## Data records
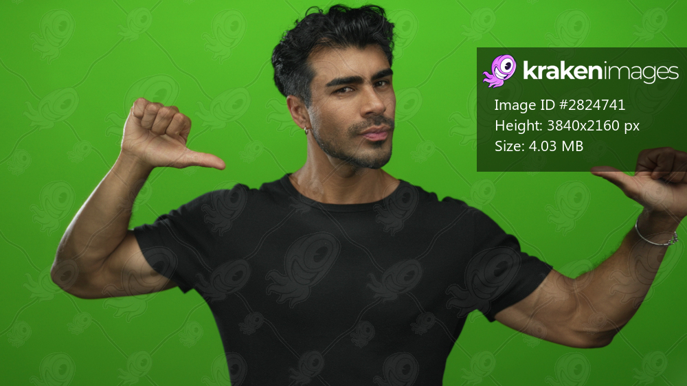 Man pointing thumbs to chest showing bare muscular arms and a confident expression in green studio; self pride.
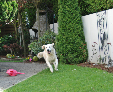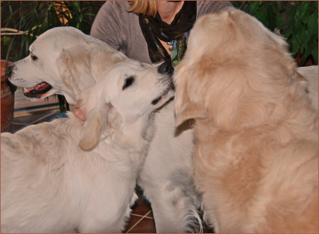 Wie verabredet klingeln wir kurz nach drei bei Heike, Olaf und Chloe. Zuerst sehen wir Heike an der Tür. Nur einen Moment später läuft Chloe schon an ihr vorbei und begrüßt uns stürmisch am Gartentor. Sie ist ganz aus dem Häuschen. Voller Freude läßt sie sich von uns den Hals kraulen. Welch eine Aufregung! Nach der Begrüßung bitten uns Heike und Olaf herein. Aber wir haben ja noch eine Überraschung parat. Schnell holen wir Chloe´s Eltern aus dem Auto. Als Chloe, Maya und Eddie sich dann sahen, war die Wiedersehensfreude natürlich überschwenglich. Sie sprangen aneinander hoch und in hohen Tönen bellte Chloe immer wieder, als wollte sie sagen: „Schön, das ihr mich besuchen kommt!“
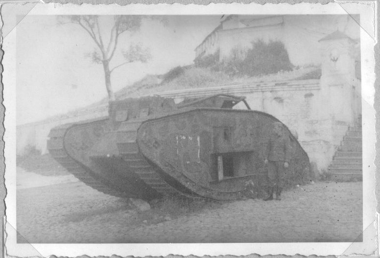 engl. Panzer (1. Weltkrieg) vor Kathedrale
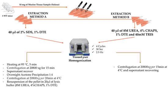 Flowchart of the two different extraction protocols. A total of 10 mg of soleus samples from three wild-type mice was divided into two sections using a scalpel. Each section obtained from the same soleus sample was processed by a different extraction method. Method A comprised the extraction buffer containing 2% w/v SDS and 1% w/v DTE and homogenization by TissueLyser II (Qiagen, Hilden, Germany). After homogenization, the samples were incubated at 95 °C for 5 min, and after centrifugation at 20,800× g per 15 min at RT, the obtained supernatant underwent overnight cold acetone precipitation (1:4) at −20 °C. After centrifugation at 20,800× g per 20 min at 4 °C, the pellets were recovered and resuspended in 20 µL of lysis buffer composed of 8 M UREA, 4% w/v CHAPS and 1% w/v DTE. Method B comprised the extraction buffer containing 8 M UREA, 4% w/v CHAPS, 1% w/v DTE and 40 mM TRIS and homogenization by TissueLyser II; the solubilized proteins were recovered in the supernatant after centrifugation at 20,800× g per 15 min.
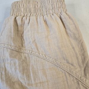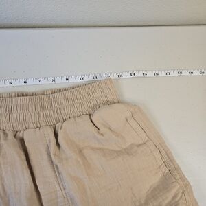Cotton On Body woven dance pants, color is "Sesame", size Small. Front pockets, elastic waist pull-on style, velcro at the hem to adjust. Very soft, almost squishy feeling fabric, moisture wicking.
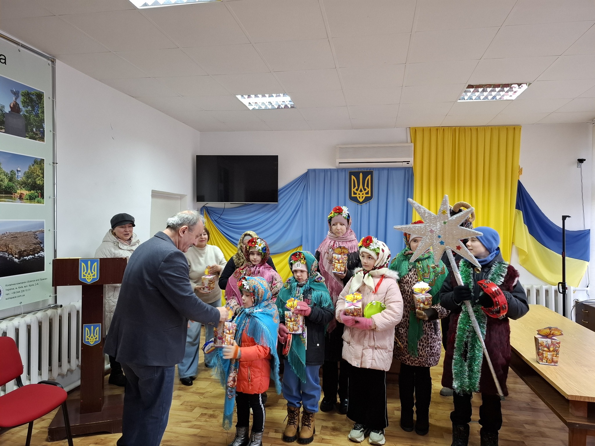 Міський голова Матвій ІВАНОВ пригостив солодощами маленьких гостей та подякував за радість, світло й нагадування про важливість українських традицій, які об’єднують та надихають навіть у непрості часи.

## What the exercise asks
Extract, word for word, each line from the one that contains "Cotton On Body" through the final line of the data above. Leave the pictures out.

## Result of the task
Cotton On Body woven dance pants, color is "Sesame", size Small. Front pockets, elastic waist pull-on style, velcro at the hem to adjust. Very soft, almost squishy feeling fabric, moisture wicking.
 Міський голова Матвій ІВАНОВ пригостив солодощами маленьких гостей та подякував за радість, світло й нагадування про важливість українських традицій, які об’єднують та надихають навіть у непрості часи.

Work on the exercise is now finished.